How to Identify Copper Wire

If you’re sorting wire for recycling or trying to verify what’s in a cable, a few quick checks help. Exposed copper has a distinctive reddish-orange color when freshly cut. Older copper oxidizes to a darker brown or greenish patina. If the exposed end of a wire looks silvery-white, it’s likely aluminum or copper-clad aluminum.

Weight is the most reliable field test. Copper is about three times heavier than aluminum, so picking up a coil of wire gives you an immediate sense of whether it’s solid copper or something lighter.

Copper Recovery in Scrap Wire

For anyone stripping wire for recycling, the amount of copper you recover depends on the wire type and its insulation thickness.
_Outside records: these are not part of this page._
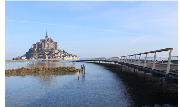
Figure 3: Mont Saint Michel and its new pier for high tide. The curved line allows the free contemplation heritage. Photographer: Mathias Neveling, 2014

The traveller now has discovered the presence of this cultural landscape and is tempted to stop at rest areas, linked to the quarries to see the compound space. This situation is adequate, but for Lassus it is not the purpose of his project. The landscape is nature transformed through human experience and begins to be understandable by a wide range of experiences. That is why landscape emphasizes its own presence thought this highway. (Figure 3)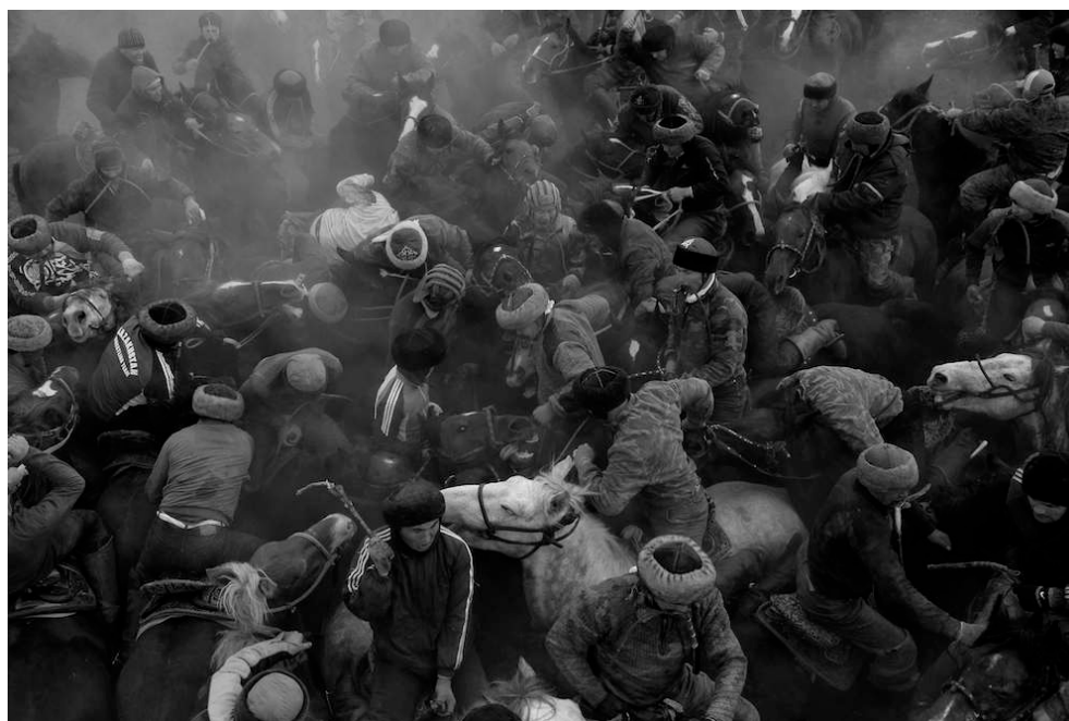
Figure 7. Said Atabekov, Battle for the Square , 2013.

governed by fierce competition' (Atanova 2020). Furthermore, for Atabekov, the game 'is just like a religion, where people pray to God before the start, asking for the blessings' 7 .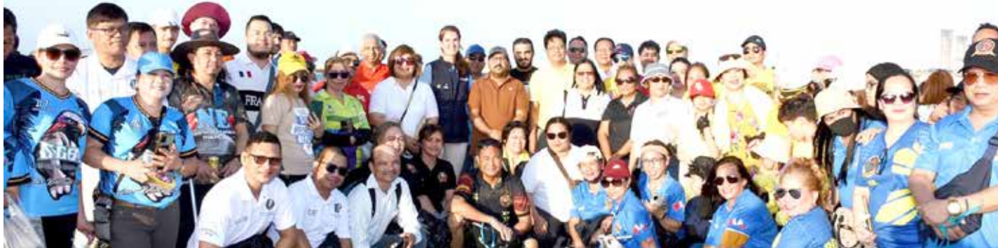
Participants in the eco-friendly activity

More than 1,200 volunteers participated in the event,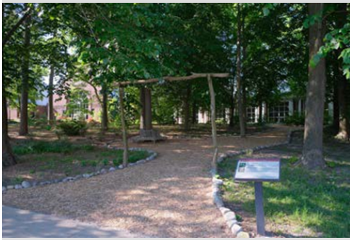
Native plant garden and trail

The Salisbury University Green Fund, a unique program designed to improve environmental sustainability at SU by giving students a say in how their sustainability fees are spent, funded a native species garden and walking path in the Spring of 2015. In the Spring of 2021, the Green Fund supported enhancements and revitalization of this garden path. The Green Fund also supported the purchase of native sedum plugs to enhance an existing living green roof on the Academic Commons. Additional 2021 projects included designating lawn areas where clover growth was encouraged and mown at less frequent intervals, Horticulture and Grounds continues to maintain the bee hive area and added more perennials nearby, cleaned storm water areas so native vegetation can thrive, and created new perennial gardens at the Honors House and Student Art Gallery locations with a majority of native plants.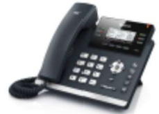
Yealink T4 series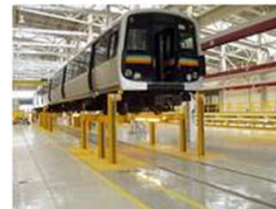
Underfloor Lifting System (Cantilever Design)

"Underfloor" mounted special lifting system designed for lifting / lowering complete trains or single rail cars and locomotives for maintenance and repair work as well as for replacement of components. The lifting system and car body supports/stands are designed according to the special requirements of the clients. The initial state of the complete unit is floor level which allows the unobstructed use and passing of the main floor level.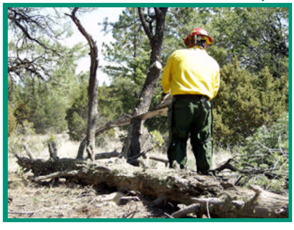
A member of the field office fire crew uses a chainsaw to thin fuels.

2002, it became apparent there was an opportunity to provide the residents more information about managing the fuels around their homes and creating defensible space.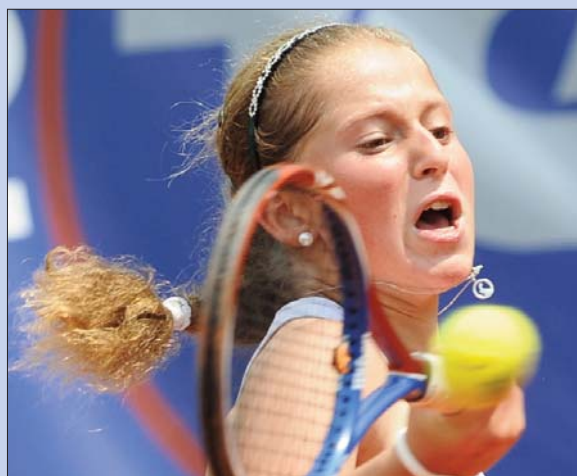
Jelena Ostapenko (LAT)

Bare bright copper (clean, uncoated, uninsulated copper) is the highest grade. THHN wire, common in residential electrical work, yields a copper recovery rate of 74% to 78% by weight, with the rest being insulation. Insulated copper wire graded as No. 1 recovers 65% to 90% copper depending on insulation thickness, while No. 2 insulated wire (thinner copper, thicker insulation) recovers 55% to 75%.

Heavier gauge wire from appliance cords, extension cords, and electrical panels tends to yield more copper per pound than thin signal wire from electronics or networking cables.